WHAT THIS TASK INVOLVES
Print the data once more, exactly as given. Drop the pictures.

DATA
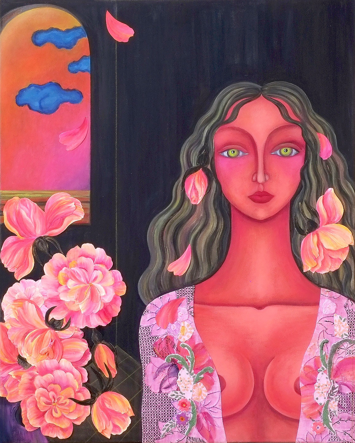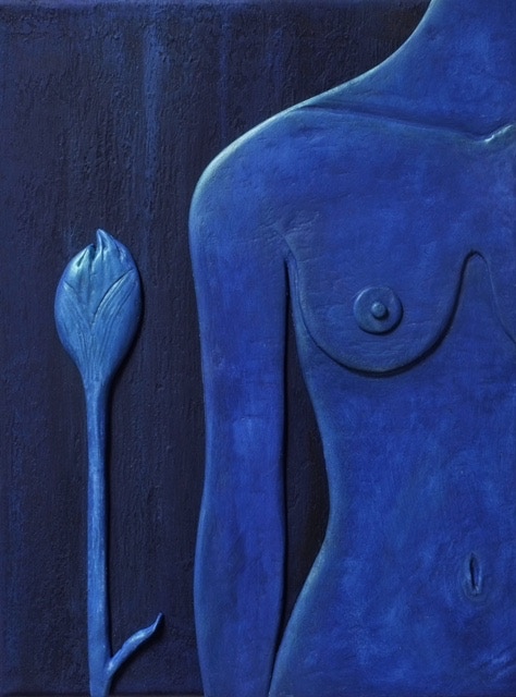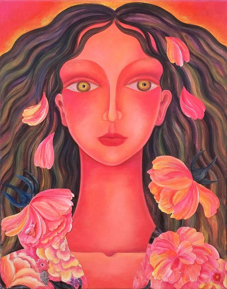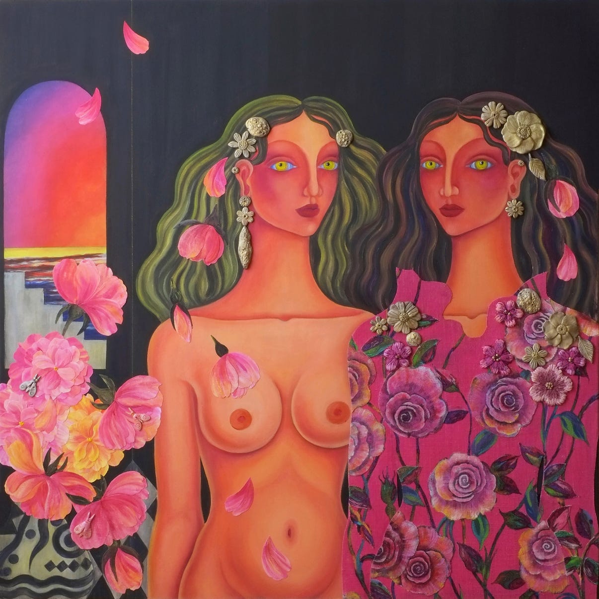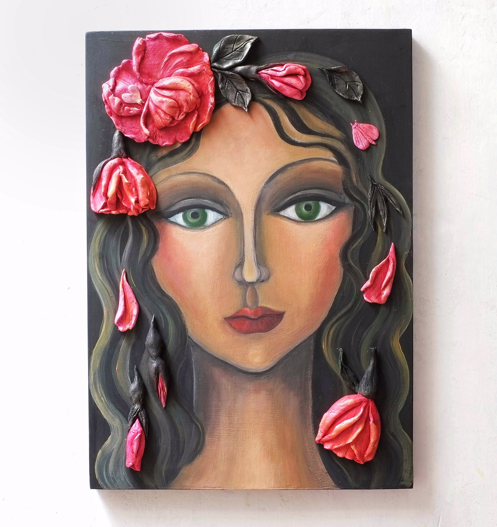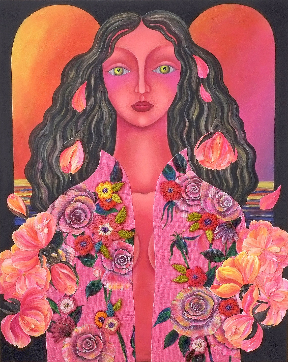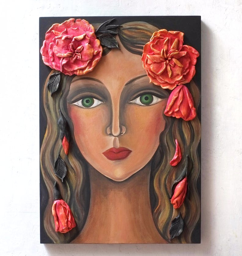 Acrylic and oil paints, fabric, yarns, beads, clay.
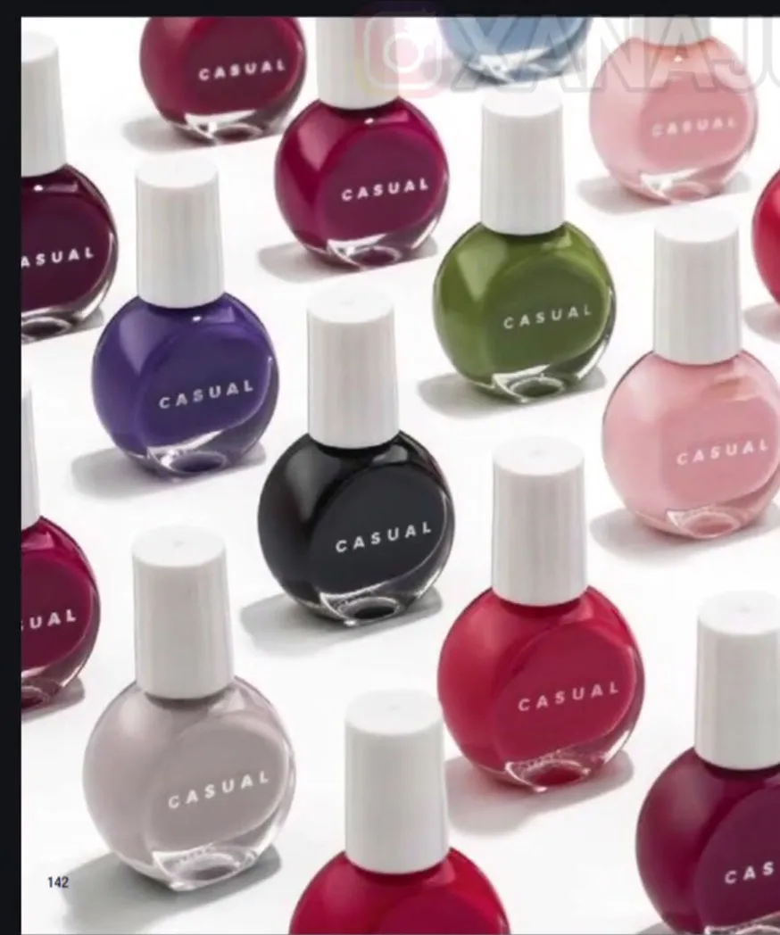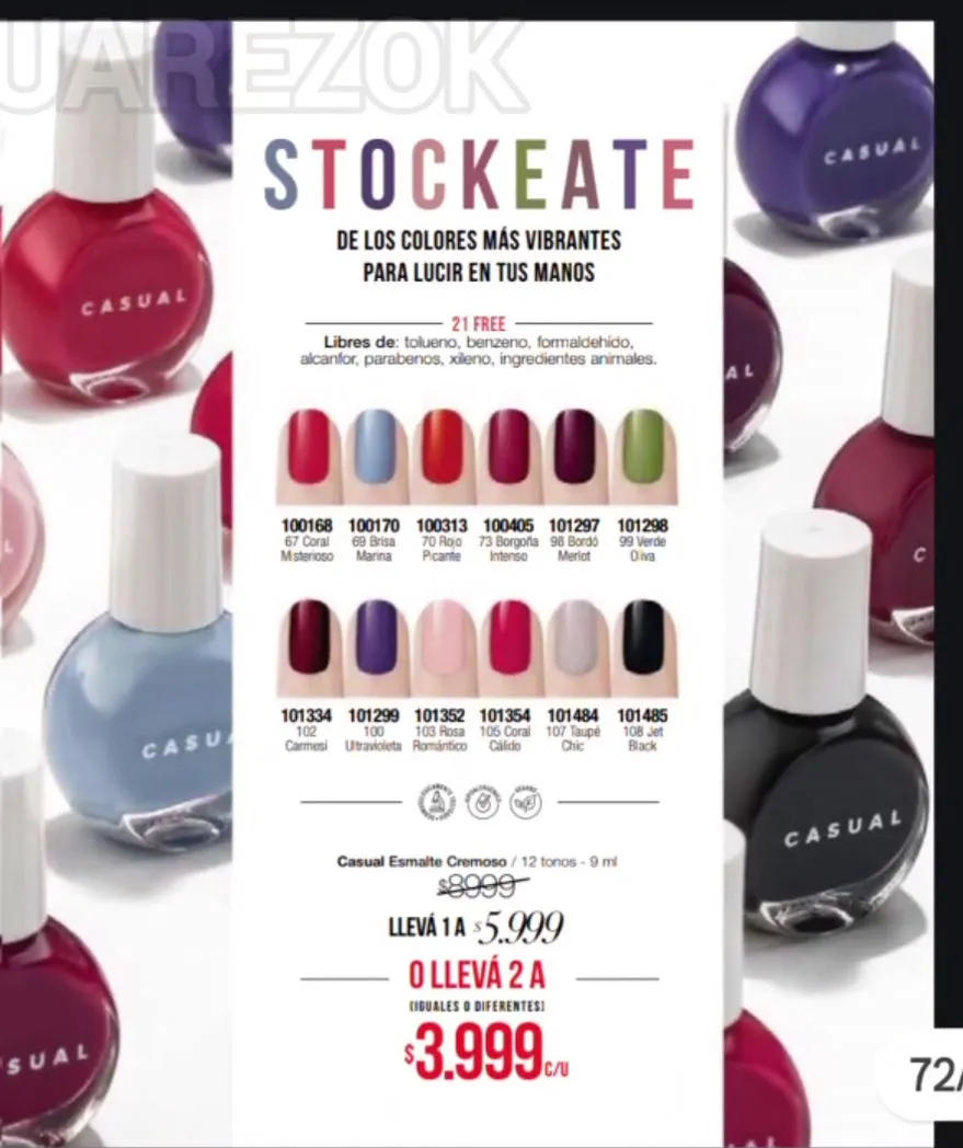 - Esmalte Casual con textura Cremosa 9ml, disponible en 17 tonos surtidos. Pag 15.
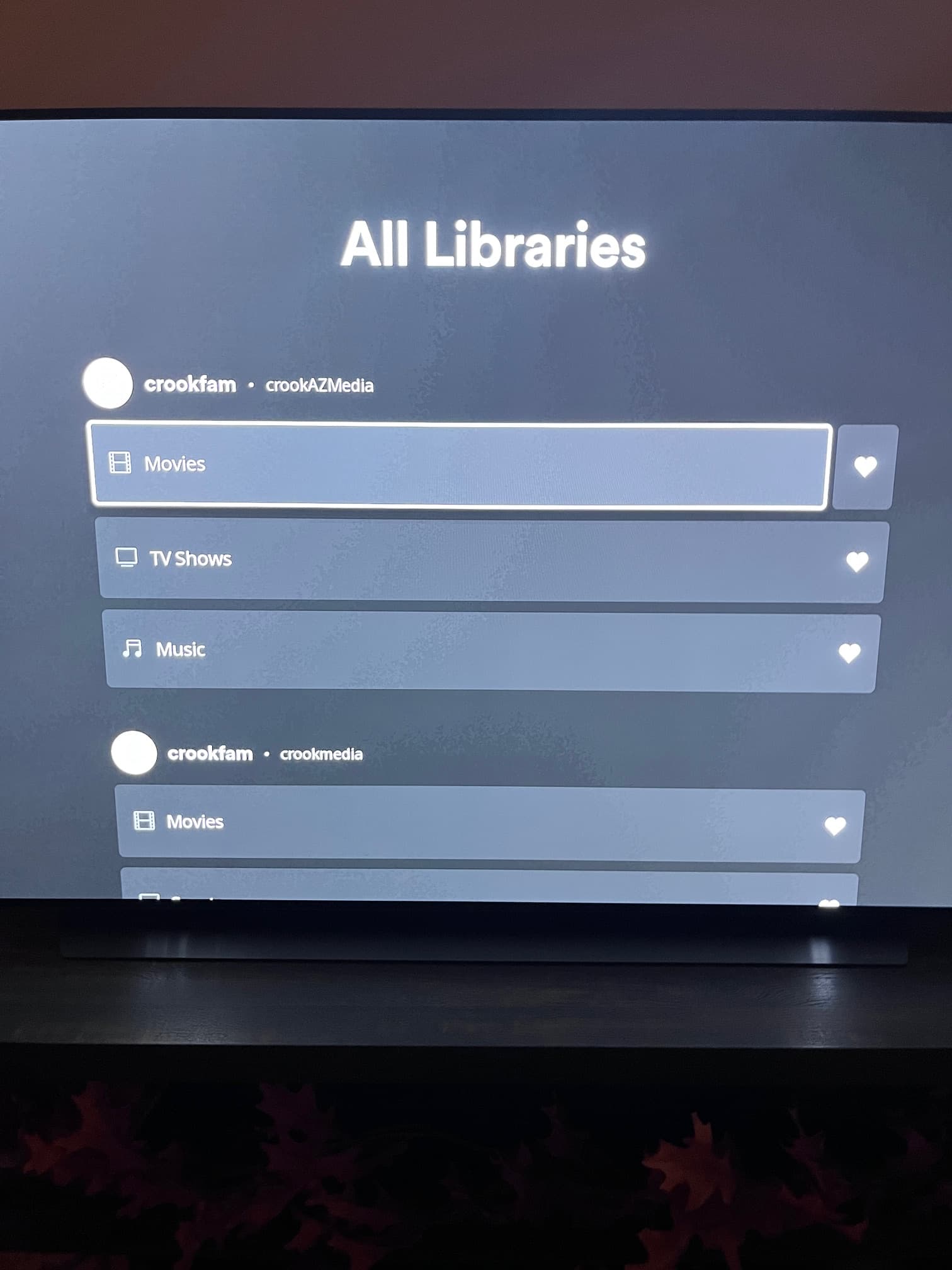 I’ve two Plex servers on my home network. With libraries favorited from both servers, my Roku shows the server name under each library, not my Plex username.
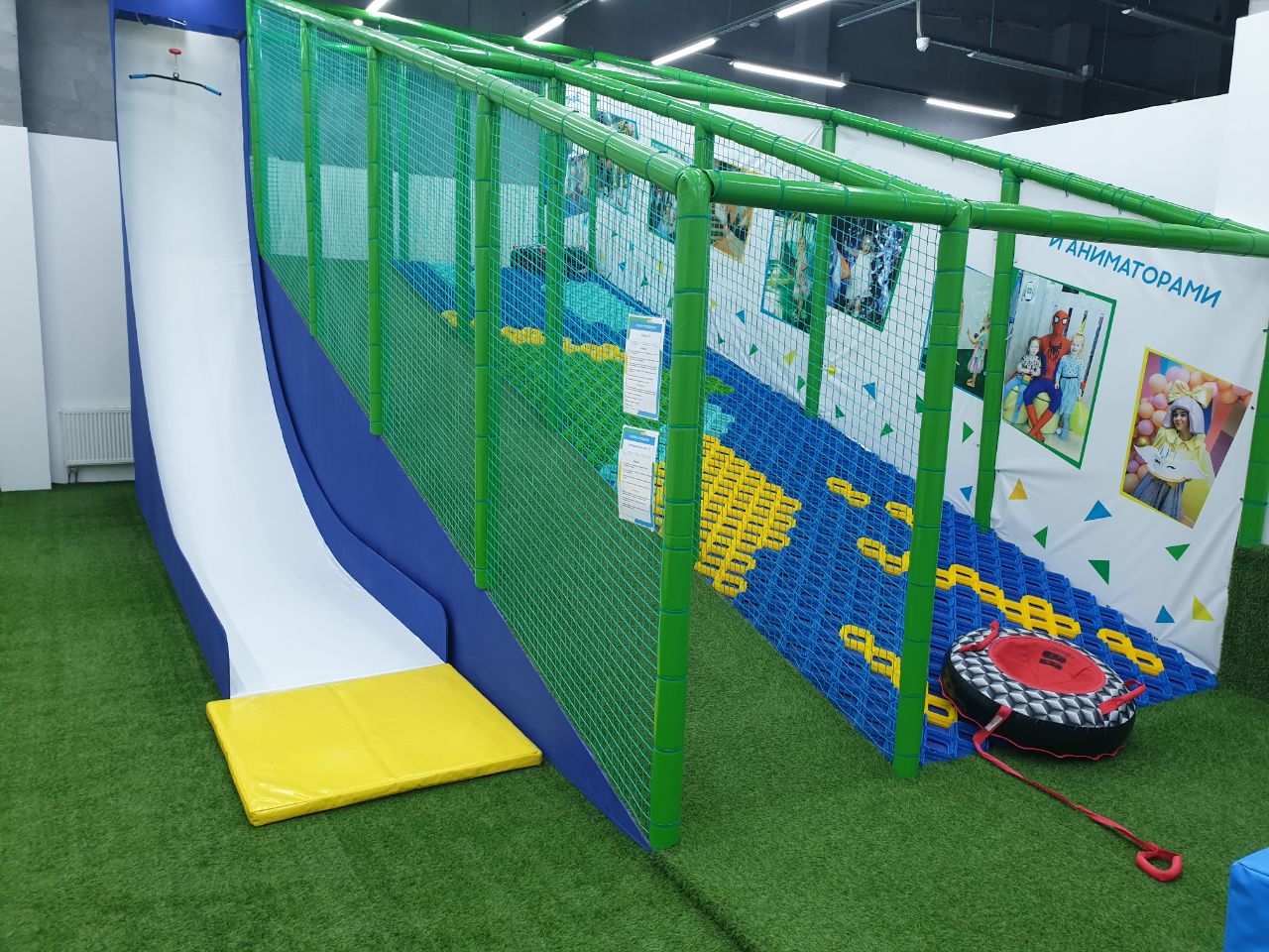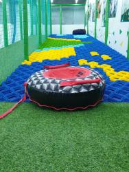 Горка с специальным покрытием, которое имитирует скольжение снега. Спуск осуществляется при помощи ватрушки. Весело и безопасно.
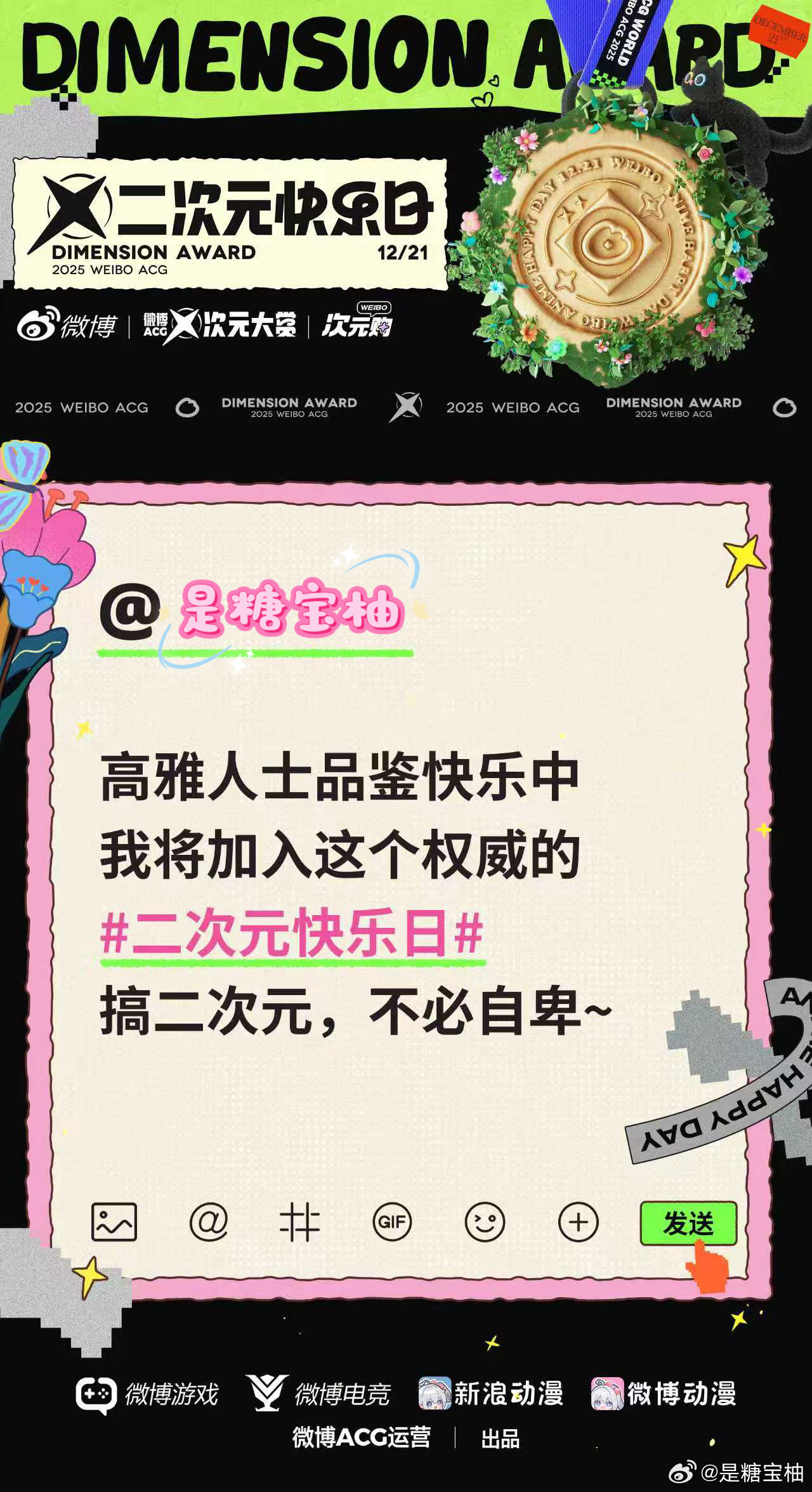 🎮【全体集合】2025 ACG次元大赏 正式开冲!🔥从今天到12月21日,微博二次元的狂欢正式开启!线上投票、线下漫展、独家周边、限定联动… 二次元的快乐,我们一次性给你拉满!你的本命作品、角色、CP,都在这里等你撑腰!二次元快乐日微博游戏大赏快来加入这场只属于我们的ACG盛宴,让热爱响彻次元!
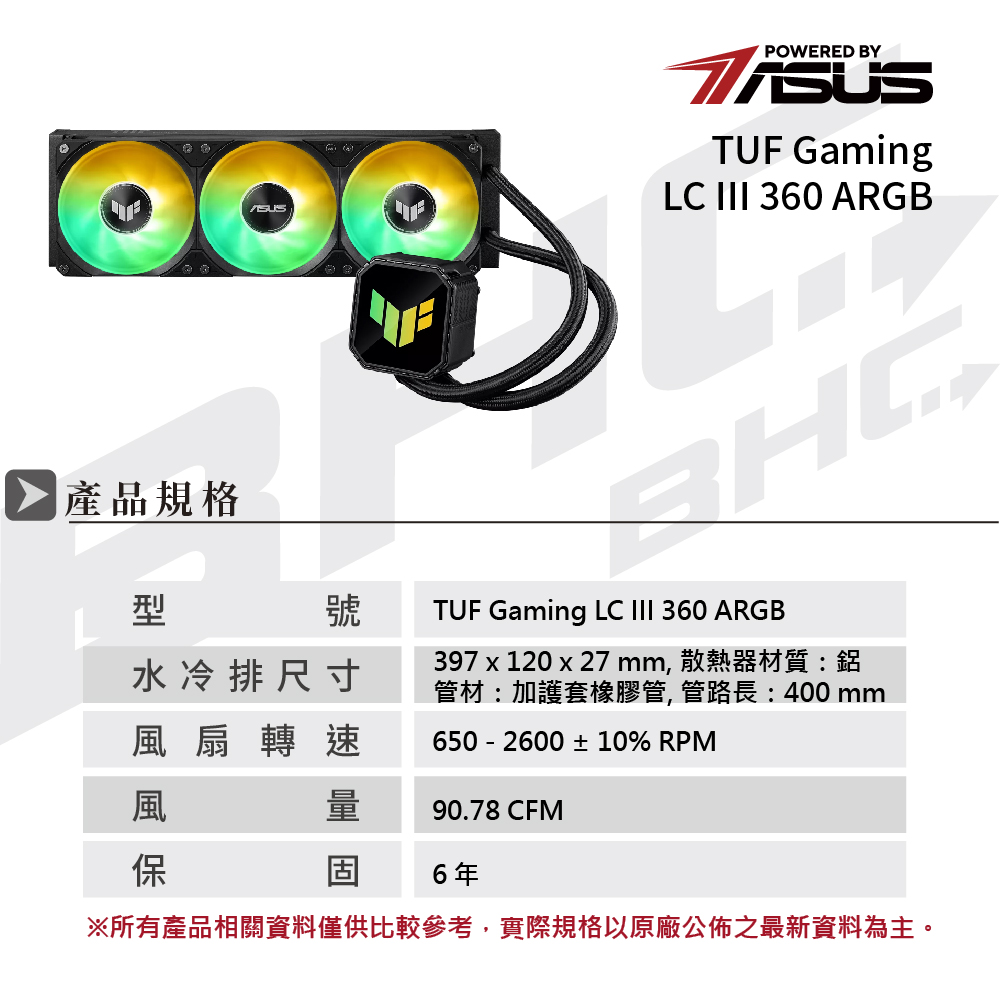 華碩 TUF GAMING LC Ⅲ 360 ARGB 水冷(黑)/6年

EXPECTED ANSWER
 Acrylic and oil paints, fabric, yarns, beads, clay.
 - Esmalte Casual con textura Cremosa 9ml, disponible en 17 tonos surtidos. Pag 15.
 I’ve two Plex servers on my home network. With libraries favorited from both servers, my Roku shows the server name under each library, not my Plex username.
 Горка с специальным покрытием, которое имитирует скольжение снега. Спуск осуществляется при помощи ватрушки. Весело и безопасно.
 🎮【全体集合】2025 ACG次元大赏 正式开冲!🔥从今天到12月21日,微博二次元的狂欢正式开启!线上投票、线下漫展、独家周边、限定联动… 二次元的快乐,我们一次性给你拉满!你的本命作品、角色、CP,都在这里等你撑腰!二次元快乐日微博游戏大赏快来加入这场只属于我们的ACG盛宴,让热爱响彻次元!
 華碩 TUF GAMING LC Ⅲ 360 ARGB 水冷(黑)/6年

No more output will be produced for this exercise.